I miss their noise and the life that flows through our home.

I miss that.

I miss lying in bed with Dave and being squashed in the middle,

A five year old boy and girl on either end -

her curled neatly into the fetal position, the morning sun catching in her curls

he spreadeagled, regaling us with stories about cars and tow trucks.

I miss knowing that a nurse is not going to come through our bedroom door

to add another medication into a drip that wasn’t there a week ago.

I miss seeing Ivy smile

not those little half smiles that she pulls

because she thinks it’s what I want to see.

A real smile.

I miss hearing her bossing Noah around

and the push and pull of their kinship.

I miss hearing her giggle.

Here, she only seems like a half self.

Her eyes are cautious, not wrinkled at the sides with laughter.

Her mouth held tightly, in strength as much as in weakness.

I miss having the freedom to choose.

I mean really choose.

Here my choices include whether to risk a little life

one way

or another.

Whether to fight

or concede.

I just don’t want those kind of choices.

I miss feeling certain.

Living in fear is no way to live at all.

It’s exhausting

and terrifying.

I miss feeling happy.

In here it’s a mixture of confusion and anger and sadness.

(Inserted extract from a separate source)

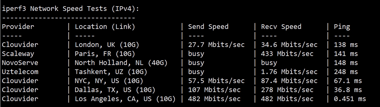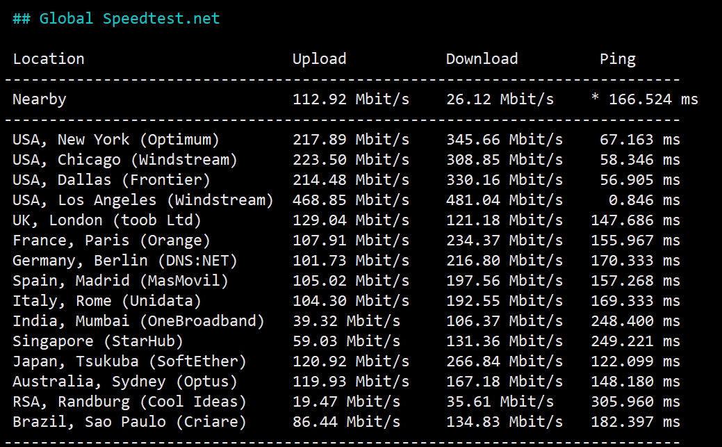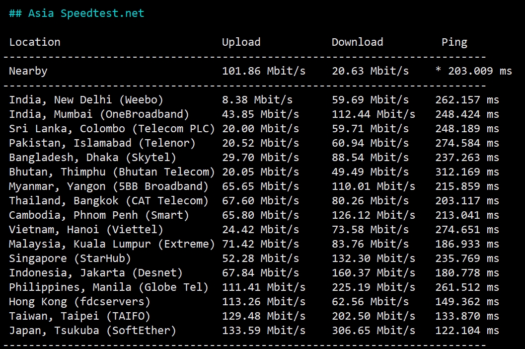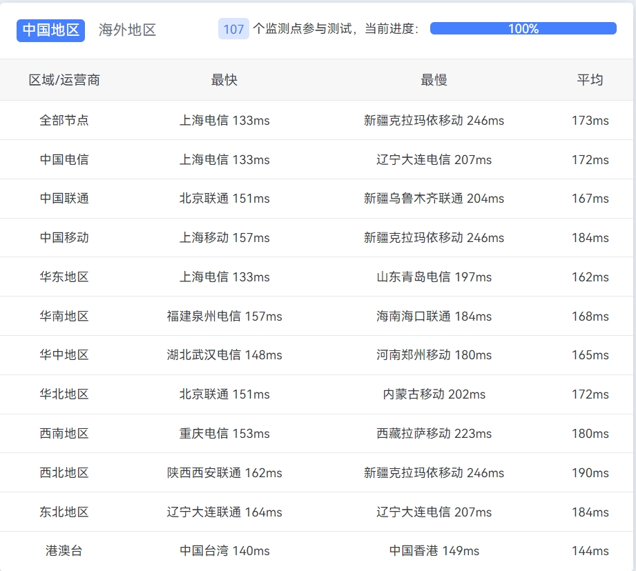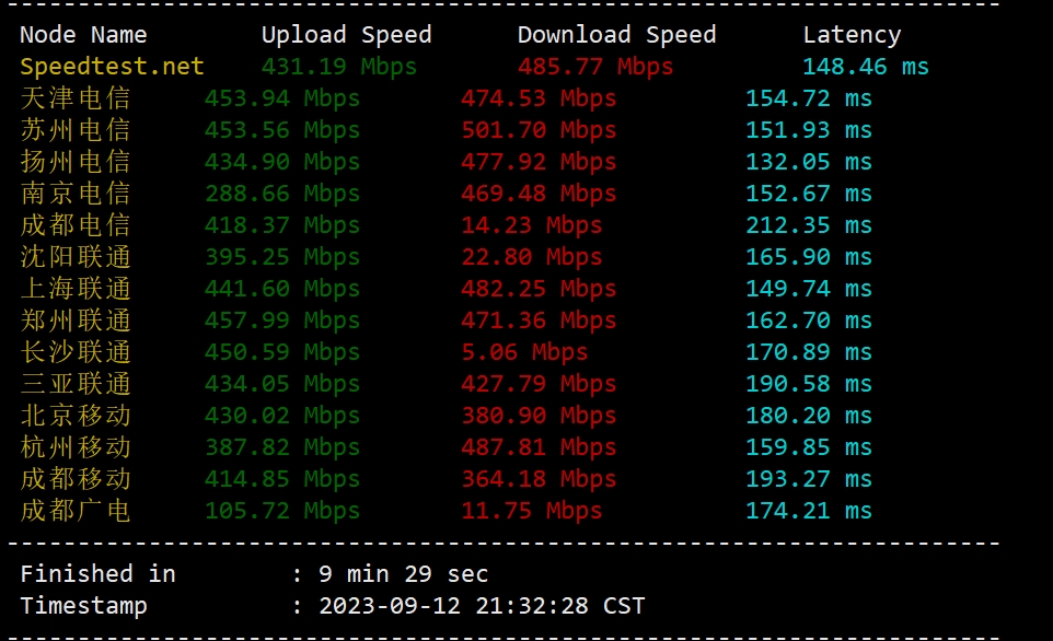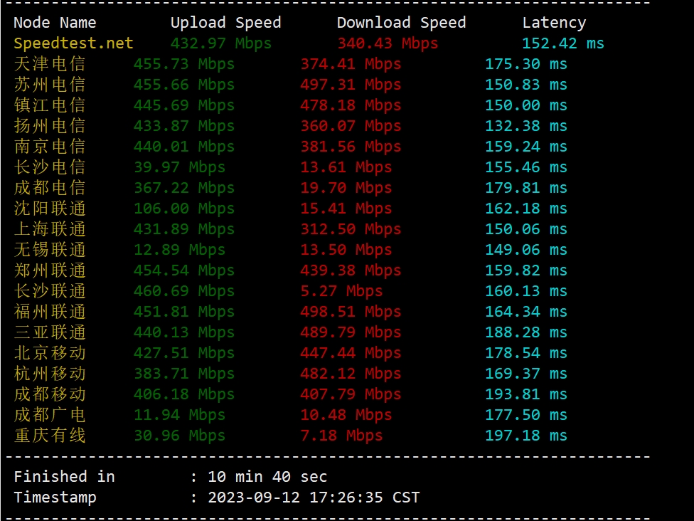 国内三网多节点来跑一圈上下行带宽测试,看看效果:

In here nothing seems right

and yes, I will admit that

it feels as though the colour has drained from our world

and everything is washed in different shades of grey.

It’s hard to remain positive some days.

This morning I wondered if I could just disappear.

Take the girl.

Take the risk.

Walk away,

just go missing

but that’s not the answer either, is it?

 

The case here

 


When you hope for something you are often let down.

 

Which is the case here.

The girl’s port line is infected with candida.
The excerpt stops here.